The resulting `rest.Config` is held by the manager for the process lifetime. `client-go`'s transport handles two of three rotation cases transparently:

| Rotation type | Form | Handled? |
|---|---|---|
| Bearer token | `tokenFile:` (path) | ✅ transport re-reads `BearerTokenFile` per request |
| CA certificate | `certificate-authority:` (path) | ✅ since `client-go v0.36`, `ClientsAllowCARotation` (Beta, default-on) reloads from the file at most every 5 min ([KEP-4222](https://kep.k8s.io/4222), [`atomicTransportHolder`](https://github.com/kubernetes/kubernetes/blob/master/staging/src/k8s.io/client-go/transport/ca_rotation.go)) |
| CA certificate | `certificate-authority-data:` (bytes) | ❌ frozen — embedded bytes excluded by the feature gate's `len(c.TLS.CAData) == 0` check |
| **API server endpoint** | `server: <url>` | ❌ **no reload mechanism exists** — `rest.Config.Host` is a string, baked into every `*http.Transport` |

The third case (endpoint change) is the only one that is genuinely unhandled today. It happens during runtime cluster rebuilds, control-plane zone migrations, and DR scenarios. The operator silently retains the stale endpoint until manually pod-deleted.

A secondary issue affects deployments whose kubeconfig embeds the CA as `certificate-authority-data:` bytes rather than a path reference; those deployments don't benefit from `ClientsAllowCARotation` and also need a manual restart on CA rotation.

Empirical evidence from a production deployment (`metal-operator-controller-manager` image `sha-715247e`, `client-go v0.36.1`):

- The operator's kubeconfig is provided as a `ConfigMap` referencing the CA + token via paths, so token + CA rotation already work without a restart. Pod uptime: 5 days, 0 restarts, actively reconciling.
- The same kubeconfig hardcodes `clusters[0].cluster.server`, which would require manual intervention if the API server endpoint ever changes.

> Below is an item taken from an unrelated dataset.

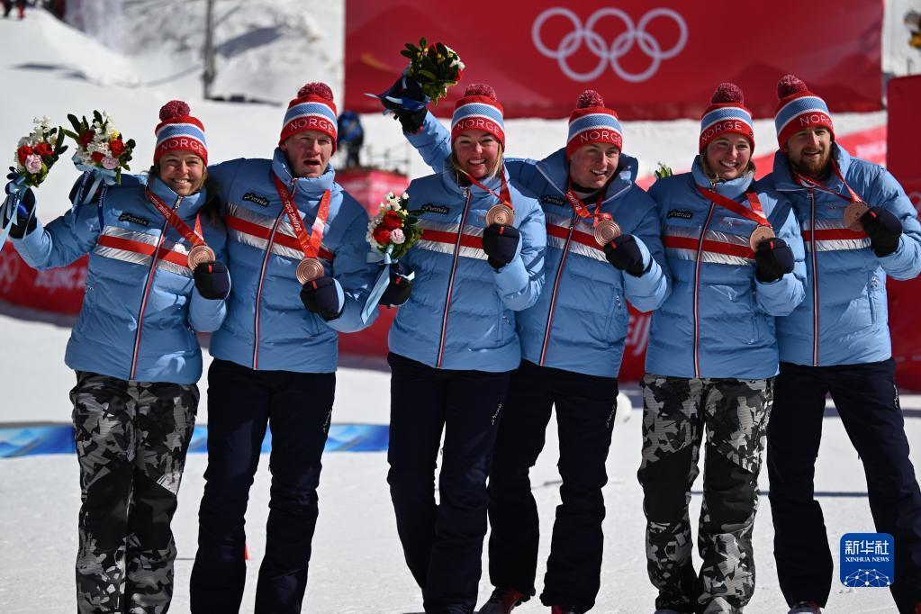 2月20日,季军挪威队在奖牌颁发仪式上。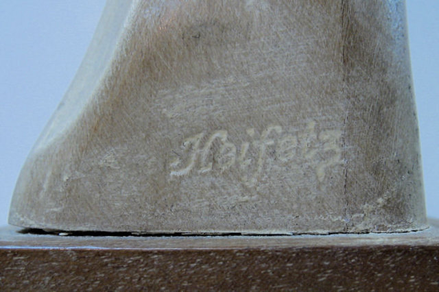 This delightful carved wooden statue of a faun from Heifetz dates from the 1950s or 1960s. Measures: 19 x 4.25 x 4.15 in. Heifetz was known primarily for their abstract and figurative lighting crafted from a variety of materials, including ceramics and carved wood. The influential design team of A.W. and Marion Geller created lighting designs for the firm. They also produced decorative sculpture such as this figurine which are more rare and highly collectible today. Distinguished by their horns, human upper body and legs and hooves of a goat, fauns are the place spirits of the untamed woodlands in Roman mythology. They were associated with satyrs, the wild and drunken followers of Bacchus. ( Bacchanalian )

So the fix is narrower than "implement credential reload" — it's specifically **detect kubeconfig-on-disk changes that `client-go` cannot pick up automatically (endpoint, embedded-bytes CA), and recover gracefully.**

**Describe the feature**

Add an opt-in watcher that detects changes to a configurable kubeconfig path (and any credential mount directories it references), and triggers a graceful manager shutdown so the pod restarts with fresh configuration.

Concretely:

1. New flag `--watch-kubeconfig` (default `false`, off-by-default to preserve existing behaviour).
2. New flag `--kubeconfig-watch-paths` (comma-separated, defaults to the directory containing `KUBECONFIG`) so deployers with split mounts (e.g. ConfigMap kubeconfig + Secret-mounted credentials) can list both directories.
3. New internal package `internal/kubeconfigwatcher` that uses `fsnotify` to watch each directory, tracks the resolved symlink targets of each watched file, and signals via a channel when any target changes. This mirrors the proven pattern in [`mcm-provider-ironcore-metal/pkg/client/provider.go:132-169`](https://github.com/ironcore-dev/machine-controller-manager-provider-ironcore-metal/blob/main/pkg/client/provider.go#L132-L169) (Kubernetes secret/configmap mounts use `..data` symlink swaps, so directory watching with target comparison is required — file-level watches miss the events).
4. On change: log the event, cancel the manager's root context, allow `mgr.Start()` to return, and `os.Exit(0)`. Kubelet recreates the pod with a fresh kubeconfig.
5. Set `LeaderElectionReleaseOnCancel: true` so the leader lease is released cleanly during shutdown — collapses the new pod's lease-acquisition wait from ~15 s to ~0 s. Currently commented out at `cmd/main.go:397`; safe to enable because `main` does no post-shutdown work.

End-to-end downtime per rotation event: ~10–30 s (reconcile drain + image-cache pod start + cache warm-up). Comparable to any other operator that handles credential rotation by restart.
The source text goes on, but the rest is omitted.